For context, a modern enterprise data stack comprises myriad components, spanning data ingestion tools such as Fivetran and cloud-based data warehouses such as Snowflake and Google’s BigQuery. Data can be “transformed” on entry to the data warehouse as part of a process known as “extract, transform, load” (ETL). But data can also be transformed later by running SQL scripts directly in the warehouse, through a process that is known as “extract, load, transform” (ELT). The latter achieves faster loading times but requires more processing power as the data needs to be transformed on-demand — that is where the power of modern analytics databases such as Snowflake and BigQuery really shine.
Put simply, dbt is the “T” in ELT — it’s built to transform data that already lives in a data warehouse. “Dbt is a key piece in the modern data stack — it connects to the cloud data platform and leverages all the computing power of these platforms to transform, test, and deploy data sets,” Dbt Labs CEO and cofounder Tristan Handy told VentureBeat.
Post-transformation, companies can use these datasets for whatever they wish, be it to train machine learning models or to feed into business intelligence (BI) tools such as Tableau or Looker.
The story so far
According to Handy, he developed dbt initially based on his own experiences as a data analyst.
“I worked as a data analyst for a decade-and-a-half and was always slowed down by terrible workflows — emailing spreadsheets back and forth, downloading massive .CSV files, saving SQL files on my desktop,” he said.
Fast-forward five years, and Handy said that dbt adoption has grown 200% each year since its launch, and in Q1 2021 his company’s enterprise revenue doubled year-on-year. The main driving force behind this, as is seemingly the case with just about every new technology these days, is the rapid transition from on-premises infrastructure to cloud computing — in this case, cloud-based data platforms such as Databricks, BigQuery, Snowflake, and Amazon Redshift.

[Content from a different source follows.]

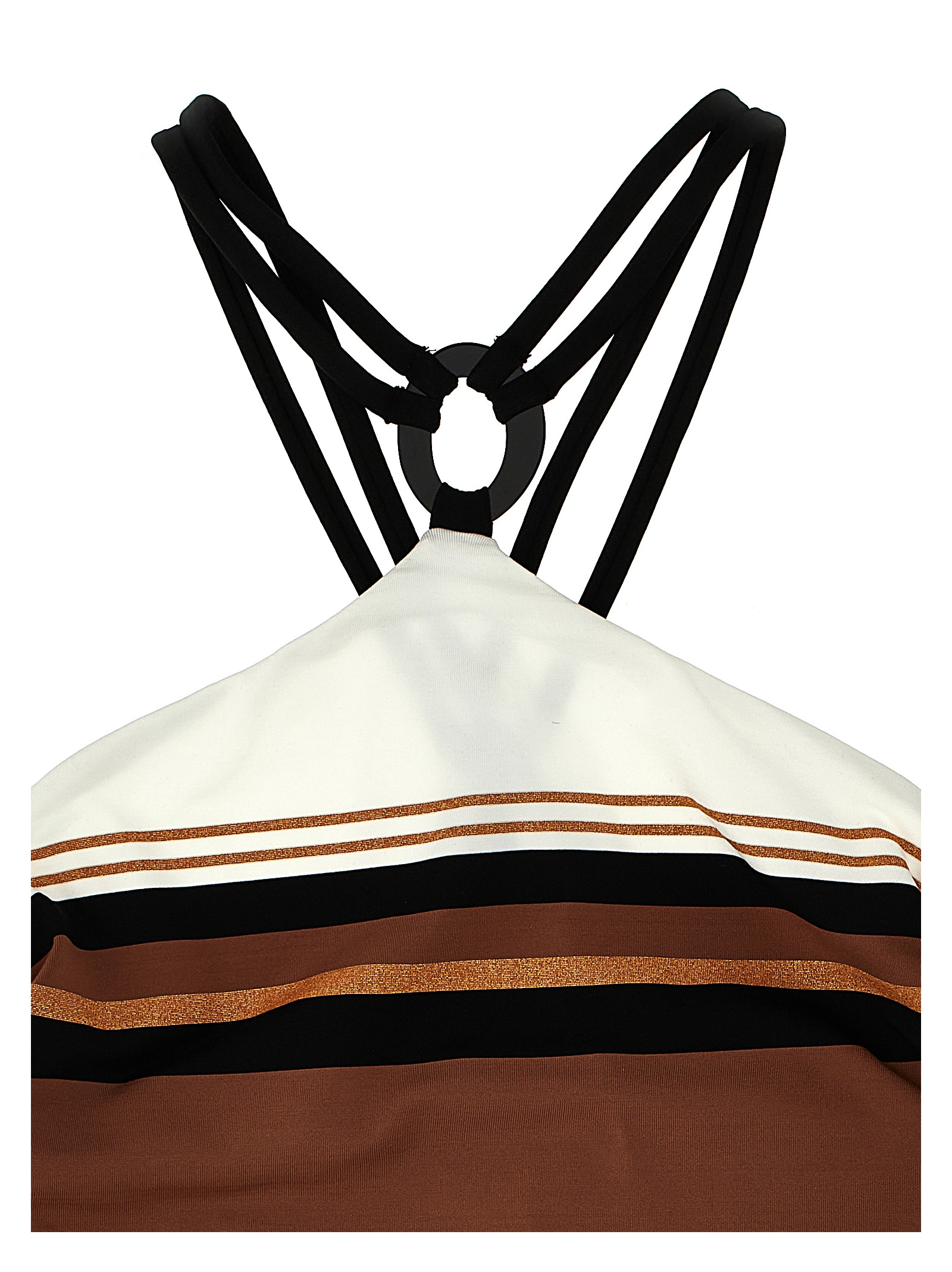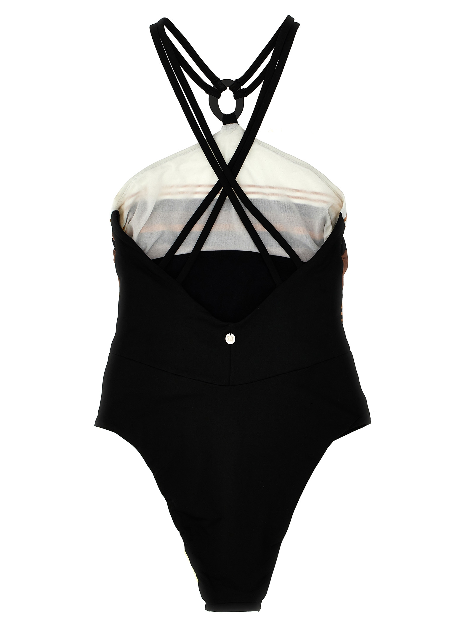 ‘Cathy’ one-piece swimsuit in stretch fabric with striped detail, halter neck tie.

“The big shift for our industry is the transition to the cloud,” Handy said. “The modern cloud data platforms are all a fundamentally new class of ‘thing’ that was simply not possible in the on-premises world of a decade ago. Data grows very quickly, and processing workloads on top of that data are highly variable. Both of these factors mean that the elasticity of the cloud is just supremely important, and it’s our belief that all — or appreciably all — data workloads will migrate to the cloud in the coming decade.”
The scalability and elasticity afforded by the cloud opens the doors to things that just weren’t an option before, such as the ability to perform data transformation in the warehouse, which speeds things up greatly.
“The fundamental unlock of the cloud has meant that performance became much less of an issue, which has enabled data analysts to take over the entire insights-generation process,” Handy continued. “This has, in turn, led to the rise of analytics engineering — the practice by which analysts construct modern pipelines on top of cloud data platforms.”
Show me the money
Prior to now, Dbt Labs had raised around $42 million, the entirety of which came in the past 14 months across two separate rounds of funding. With its latest cash injection — which was led by Sequoia Capital, Andreessen Horowitz, and Altimeter — the company said that it will double down on the development of its core open source platform.
“Right now our focus is on improving our core offering and supporting its exponential growth as the foundation of one of the highest-growth areas in all of enterprise software,” Handy said. “We also have our eye on some experimental new areas of product development, but nothing we’re ready to share yet.”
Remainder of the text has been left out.